Many argue this fight to black money was a failure because majority of black money had been invested in real estate or as gold. The answer to this is to wait and see. In a Govt. report, real estate is identified as one of the top eight sectors where black money is generated and stored. Economic survey 2016-17 suggests to introduce “property tax” and this if implemented will no doubt hurt such benami properties.

According to Alvin Toffler the illiterate of the 21st century will not be those who cannot read and write, but those who cannot learn, unlearn, and relearn. The resistance to change was another reason for opposing demonetisation. The adaptability to ‘new normal’ can be improved via making people familiarise with digitisation. It can be done via carrots like removing transaction tax from bank than the sudden stick like demonetisation. Also incorporation of regional languages in mobile phones needed to increase adaptability.

Media could have played a pro-active role in this behavioral change. But what media done is sensationalising news and creating panic and even propagating fake news. For example there was fake news like GoI will increase tax slab to appease people.
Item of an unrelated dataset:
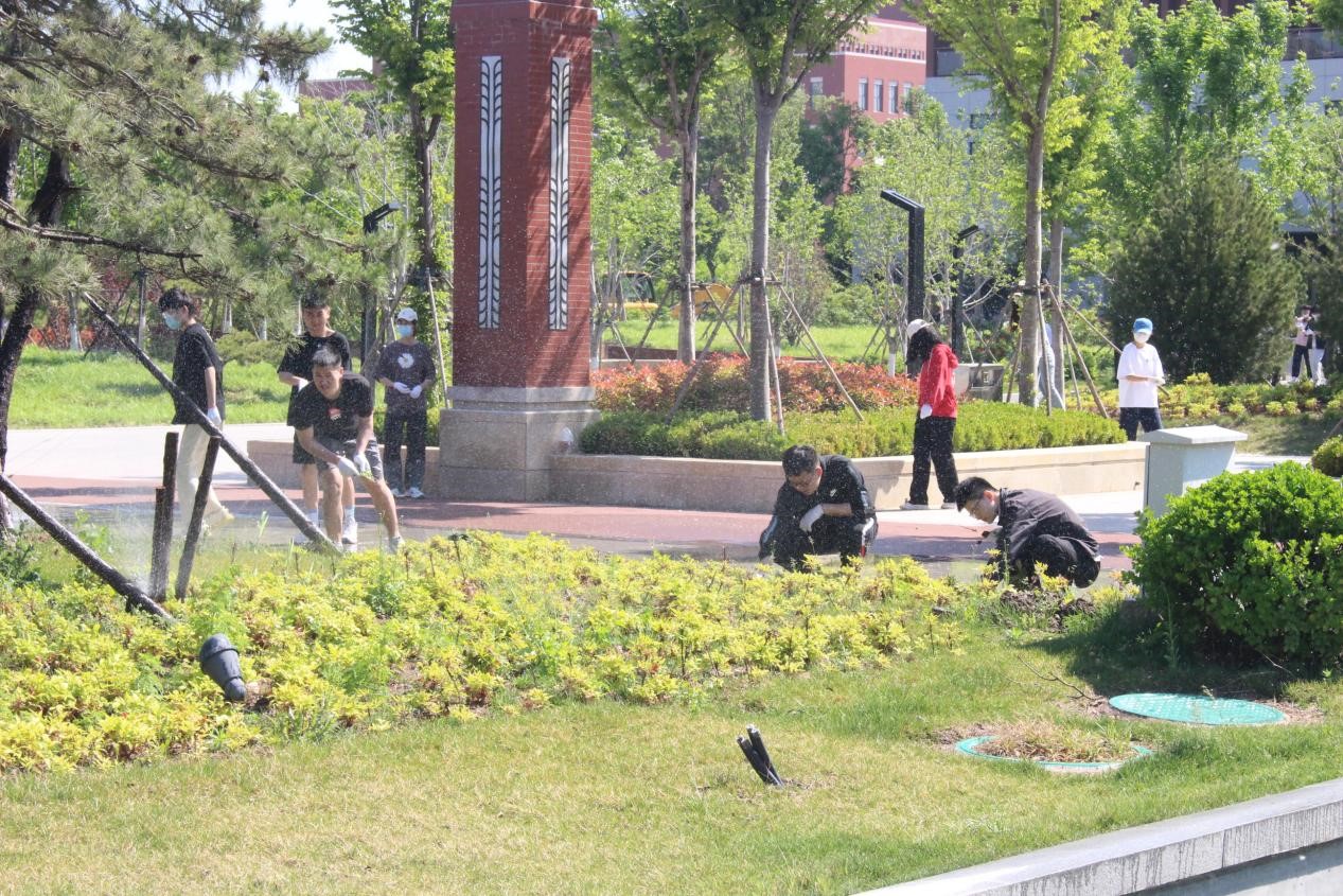同学们于新南门五棵松树下集合,进行明德广场除杂草、浇水活动,学校领导与同学们一起参与到此次活动中。面对杂草丛生的校园绿化地,大家干劲十足,领导带领同学们埋头苦干,熟练地将一颗颗草连根拔起,分工明确、团结协作,明德大道到处都是同学们的身影,不乏有同学微微起身,擦擦额角的汗珠。经过两个小时的奋战,除草区域里“肆意狂长”的杂草被一一清除,留下干净整洁的新绿景象。
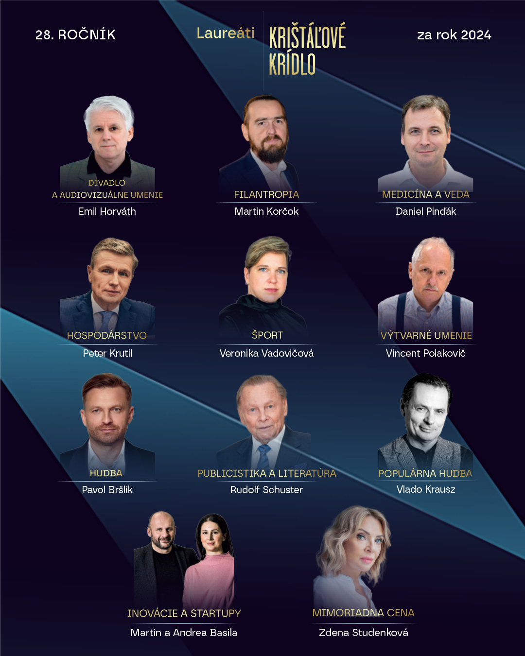 V sobotu 15. marca 2025 sa v Slovenskom národnom divadle uskutočnil 28. ročník udeľovania cien Krištáľové krídlo. Prestížne ocenenie si odniesli výnimoční slovenskí odborníci za svoj prínos v oblasti kultúry, vedy, športu či filantropie. Slávnostný galavečer sledovali diváci v priamom prenose na Jednotke.

Economic survey 2016-17 talks about “missing tax payers”: “Only 4% of the population pays direct tax in India. Missing taxpayers are not those who are evading taxes altogether or under-reporting taxes but those who have legitimately gone under the tax radar due to “generous” government policy. We ask how many taxpayers there would have been in 2012-13 if the threshold had been maintained at Rs. 1,50,000 (the threshold limit in 2008-09). We find that there would have been an additional 1.65 crore units incorporated within the taxation system (an addition of about 39.5 percent)”

The important feature of direct tax is, it is progressive ie as income increases tax rate increases. Thus increasing direct tax base gives Govt. room to rationalise indirect tax, which is not progressive in nature. Both poor and rich pays equal tax for 1 kg apple, thus it hurts the poor more. Thus by this digitisation drive, GoI tries to avoid tax evasion and increase tax base and promote a culture of tax-paying.
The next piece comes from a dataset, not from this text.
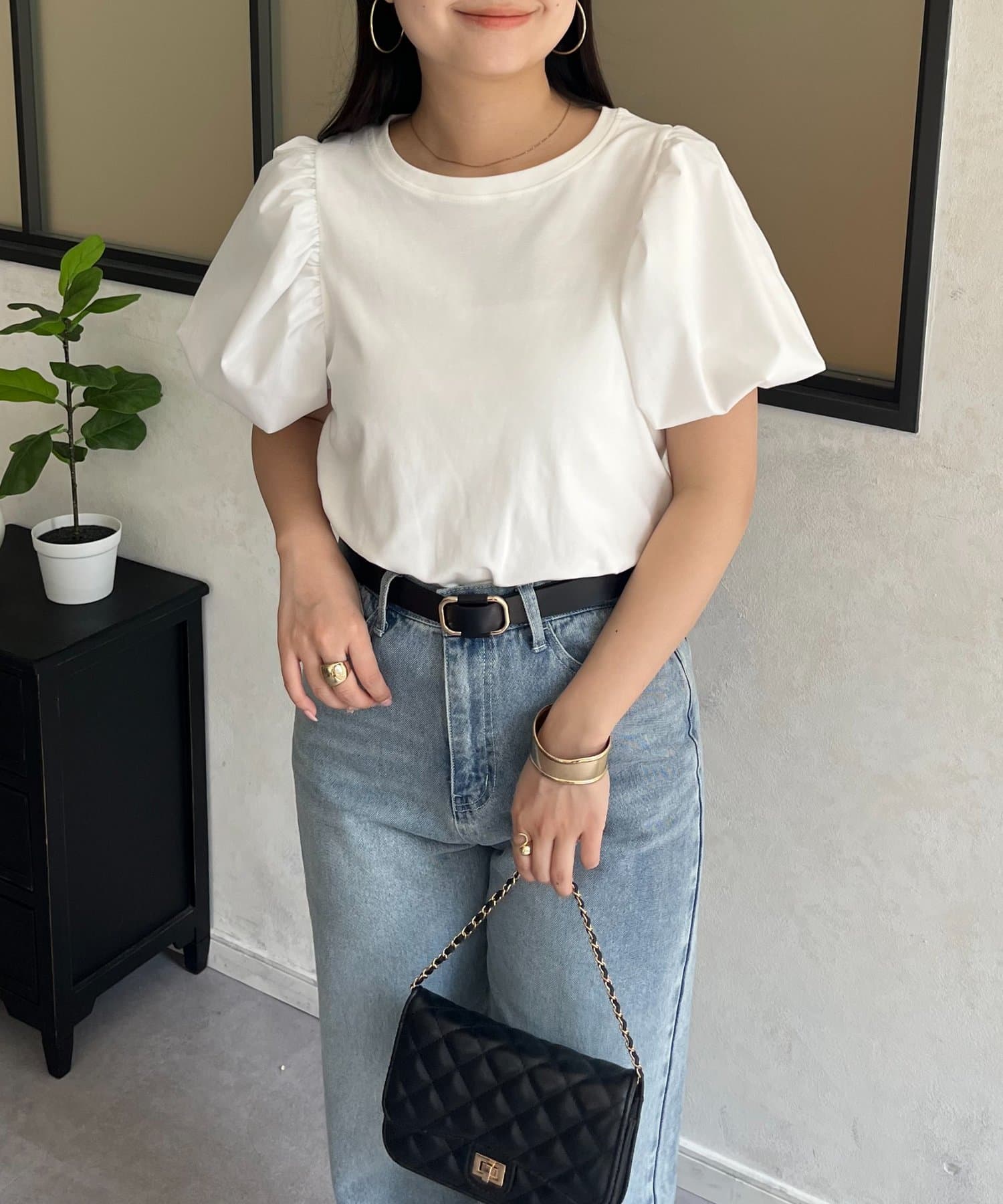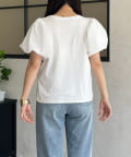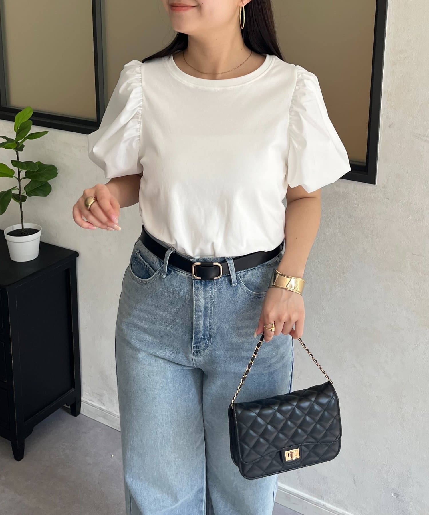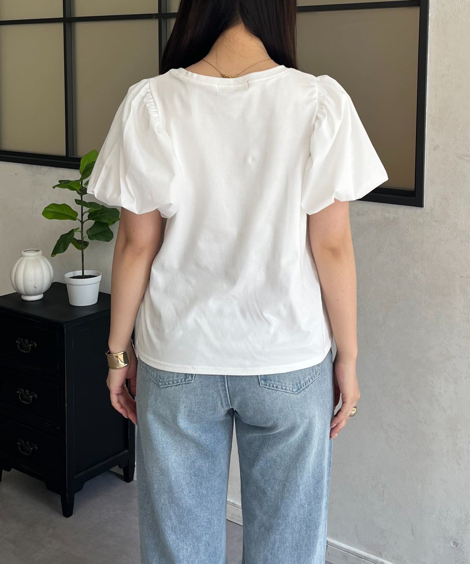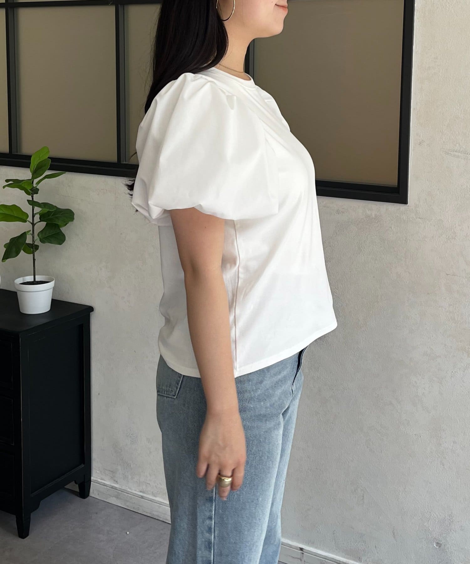●ふんわりとしたボリュームのパフスリーブが、気になる二の腕をさりげなくカバー

Economic survey 2016-17 provides another interesting observation: “The history of Europe and the US suggests that typically, states first provide essential services (physical security, health, education, infrastructure, etc.) before they take on their redistribution role. A corollary is that if the state's role is predominantly redistribution, the middle class will seek - in Professor Albert Hirschman's famous terminology - to exit from the state. They will avoid or minimise paying taxes; they will cocoon themselves in gated communities; they will use diesel generators to obtain power; they will go to private hospitals and send their children to private education institutions. By reducing the pressure on the state, middle class exit will shrink it, eroding its legitimacy further, leading to more exit and so on. All these pathologies are evident in India.” Thus paying tax can also be seen as measure of accountability of state.


French economist Thomas Piketty (the author of “ Capital in 21st Century”) reiterated these by saying that Indian middle class need to contribute more like their European counterparts had done. Thus a digital economy drive is the step in this right direction where Govt. can provide services with minimum leakage and ensure citizens paying the tax which will ensure long term growth and make India a developed nation.